→ **WHAT YOU HAVE TO DO**: Below are the entries. Transcribe exactly the lines from the one with "Yellow pollen-carrying hairs" through the one with "12月1日,鞍山交運集團第二", ends included, and leave out all others.

→ **SUPPLIED INFORMATION**:
_ _ _ _
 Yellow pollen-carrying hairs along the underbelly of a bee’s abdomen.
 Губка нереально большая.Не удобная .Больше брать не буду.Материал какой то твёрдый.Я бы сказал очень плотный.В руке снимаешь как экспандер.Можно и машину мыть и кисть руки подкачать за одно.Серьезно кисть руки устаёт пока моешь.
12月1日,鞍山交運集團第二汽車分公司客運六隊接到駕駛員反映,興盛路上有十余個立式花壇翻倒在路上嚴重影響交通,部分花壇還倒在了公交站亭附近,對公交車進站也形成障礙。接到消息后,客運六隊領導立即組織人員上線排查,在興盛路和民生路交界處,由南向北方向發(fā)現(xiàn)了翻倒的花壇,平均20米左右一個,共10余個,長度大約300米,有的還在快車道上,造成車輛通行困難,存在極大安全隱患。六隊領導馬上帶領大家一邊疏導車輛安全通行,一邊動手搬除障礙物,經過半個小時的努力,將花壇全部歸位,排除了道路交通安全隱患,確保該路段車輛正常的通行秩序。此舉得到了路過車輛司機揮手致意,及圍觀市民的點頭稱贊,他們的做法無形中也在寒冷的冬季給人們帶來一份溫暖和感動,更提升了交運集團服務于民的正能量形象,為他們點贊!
_ _ _ _
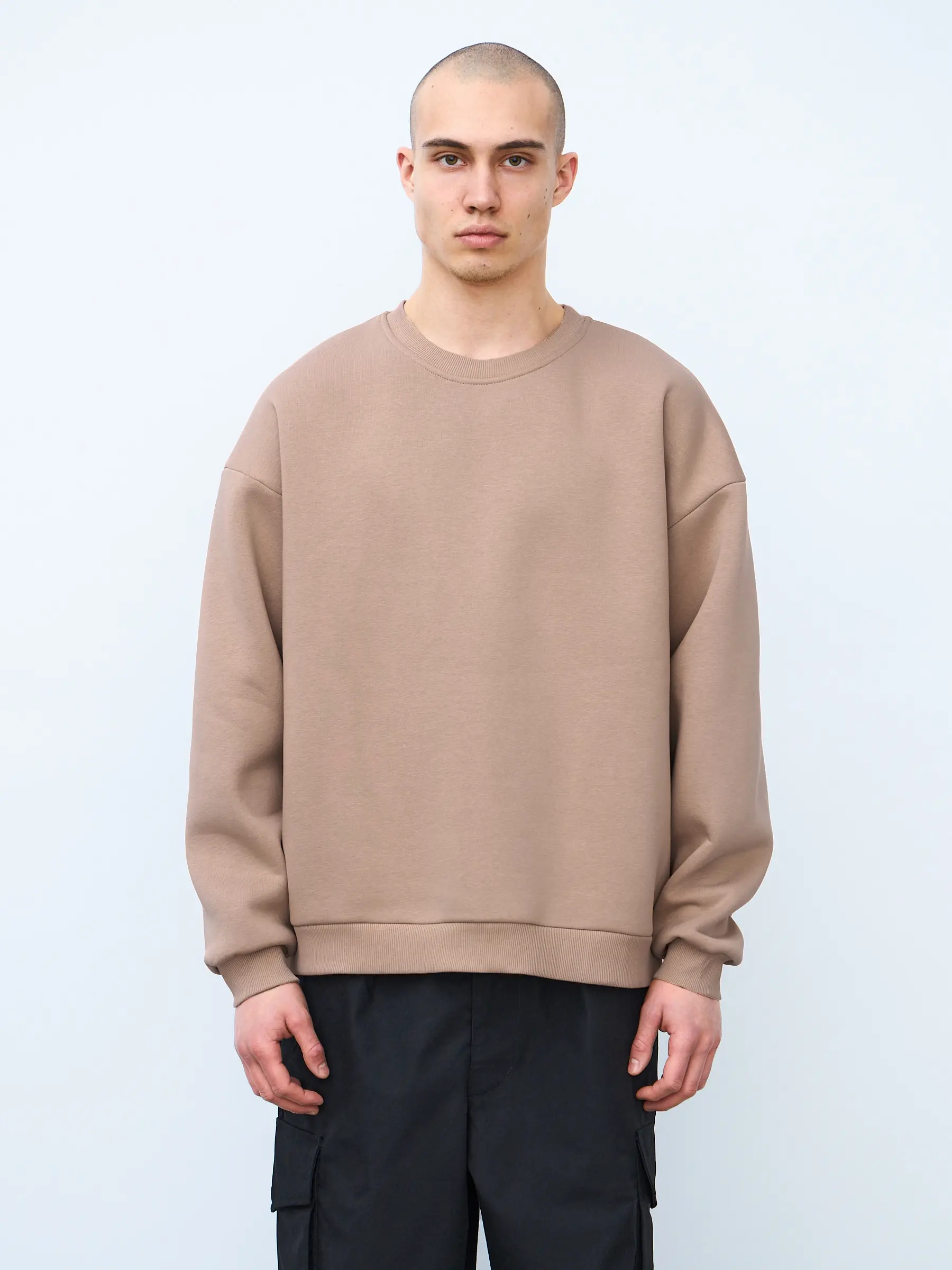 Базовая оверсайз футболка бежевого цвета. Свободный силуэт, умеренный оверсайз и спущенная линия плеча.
_ _ _ _
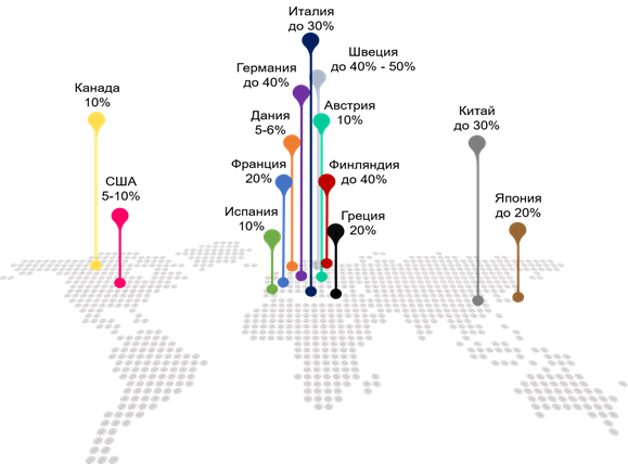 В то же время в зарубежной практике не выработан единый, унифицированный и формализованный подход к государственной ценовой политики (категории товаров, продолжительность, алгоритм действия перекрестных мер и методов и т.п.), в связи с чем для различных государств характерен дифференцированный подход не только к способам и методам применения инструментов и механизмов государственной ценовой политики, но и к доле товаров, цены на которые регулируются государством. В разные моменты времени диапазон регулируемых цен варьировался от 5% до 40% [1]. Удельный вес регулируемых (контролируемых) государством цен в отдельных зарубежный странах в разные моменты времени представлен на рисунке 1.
_ _ _ _
→ **WRITTEN ANSWER**:
 Yellow pollen-carrying hairs along the underbelly of a bee’s abdomen.
 Губка нереально большая.Не удобная .Больше брать не буду.Материал какой то твёрдый.Я бы сказал очень плотный.В руке снимаешь как экспандер.Можно и машину мыть и кисть руки подкачать за одно.Серьезно кисть руки устаёт пока моешь.
12月1日,鞍山交運集團第二汽車分公司客運六隊接到駕駛員反映,興盛路上有十余個立式花壇翻倒在路上嚴重影響交通,部分花壇還倒在了公交站亭附近,對公交車進站也形成障礙。接到消息后,客運六隊領導立即組織人員上線排查,在興盛路和民生路交界處,由南向北方向發(fā)現(xiàn)了翻倒的花壇,平均20米左右一個,共10余個,長度大約300米,有的還在快車道上,造成車輛通行困難,存在極大安全隱患。六隊領導馬上帶領大家一邊疏導車輛安全通行,一邊動手搬除障礙物,經過半個小時的努力,將花壇全部歸位,排除了道路交通安全隱患,確保該路段車輛正常的通行秩序。此舉得到了路過車輛司機揮手致意,及圍觀市民的點頭稱贊,他們的做法無形中也在寒冷的冬季給人們帶來一份溫暖和感動,更提升了交運集團服務于民的正能量形象,為他們點贊!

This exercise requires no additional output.